OSWorld is a comprehensive benchmark for evaluating multimodal agents on open-ended computer tasks across Ubuntu, Windows, and macOS.[14] The benchmark consists of 369 tasks involving:

  • Real web and desktop applications
  • OS file I/O operations
  • Multi-application workflows
  • Cross-platform compatibility testing[15]

WebArena

WebArena evaluates web browsing agents using self-hosted open-source websites that simulate real-world scenarios in e-commerce, content management systems, and social platforms.[2] It tests abilities including form filling, multi-step navigation, information extraction, and transaction completion.

WebVoyager

WebVoyager tests model performance on live websites including Amazon, GitHub, and Google Maps, evaluating real-world web interaction capabilities.[2]

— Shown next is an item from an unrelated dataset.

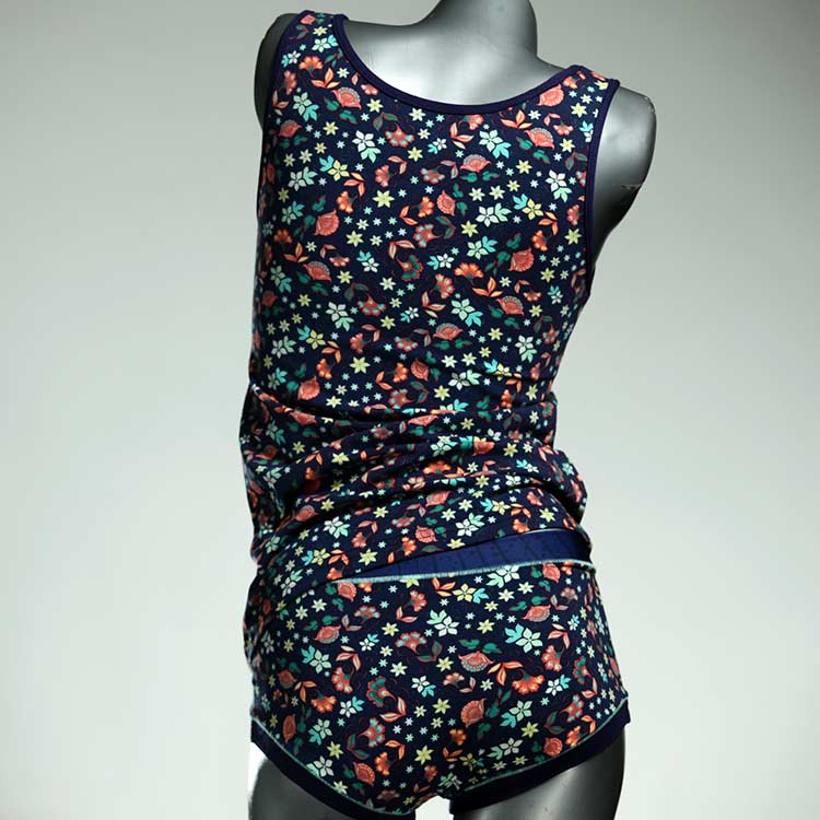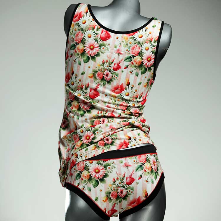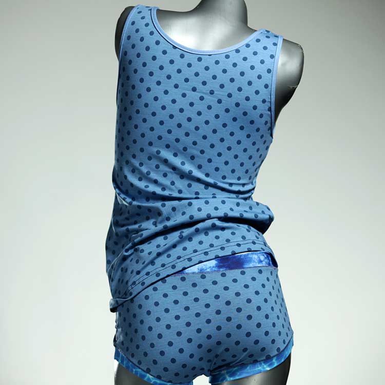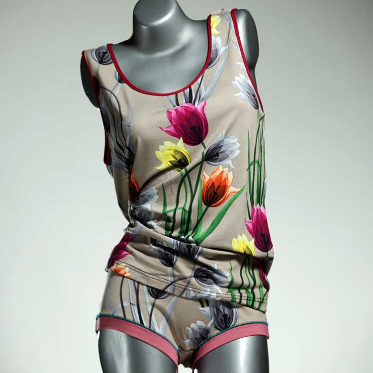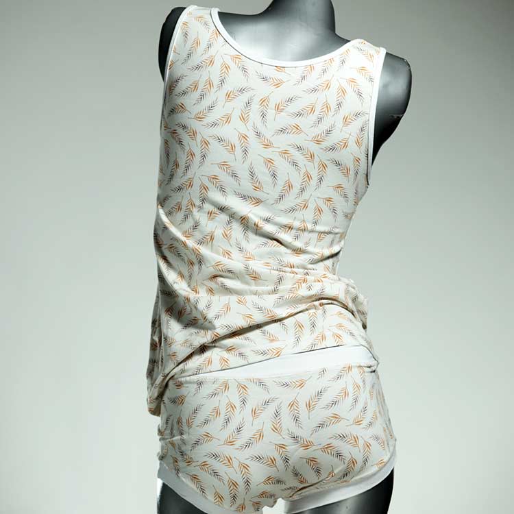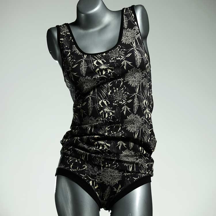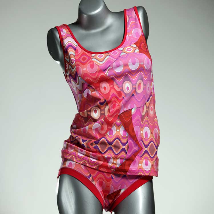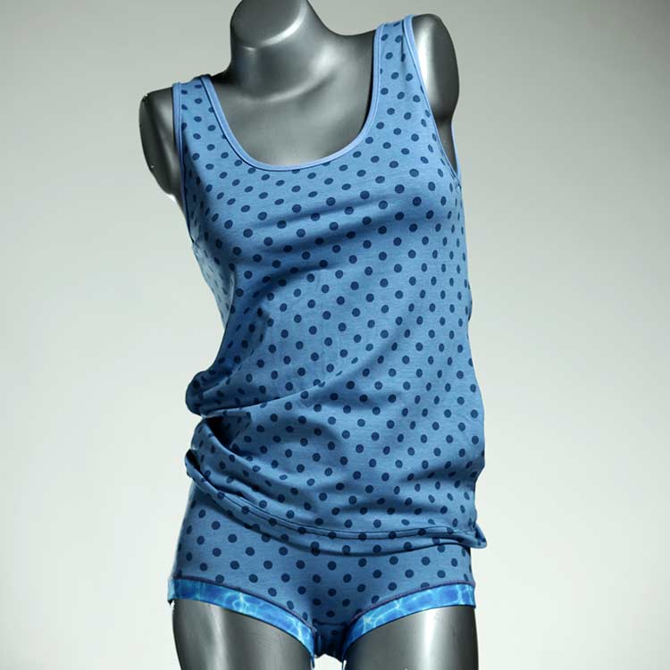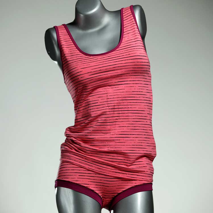 Adorable conjunto de ropa interior con la parte superior hecha de algodón elástico suave y transpirable para debajo y por encima. La parte superior está cortada a la cintura, el escote se cierra hasta la mitad. Con elástico de encaje fino o dobladillo de algodón en brazos y escote.

Browserbase collaboration with Google DeepMind reported Gemini 2.5 Computer Use leading in accuracy, speed, and cost under matched constraints, with public evaluation traces across thousands of human-verified runs.[16]

Supported Actions

Computer-use models typically support a standardized set of UI actions. Developers must implement the execution logic for these actions on their client-side application:[9]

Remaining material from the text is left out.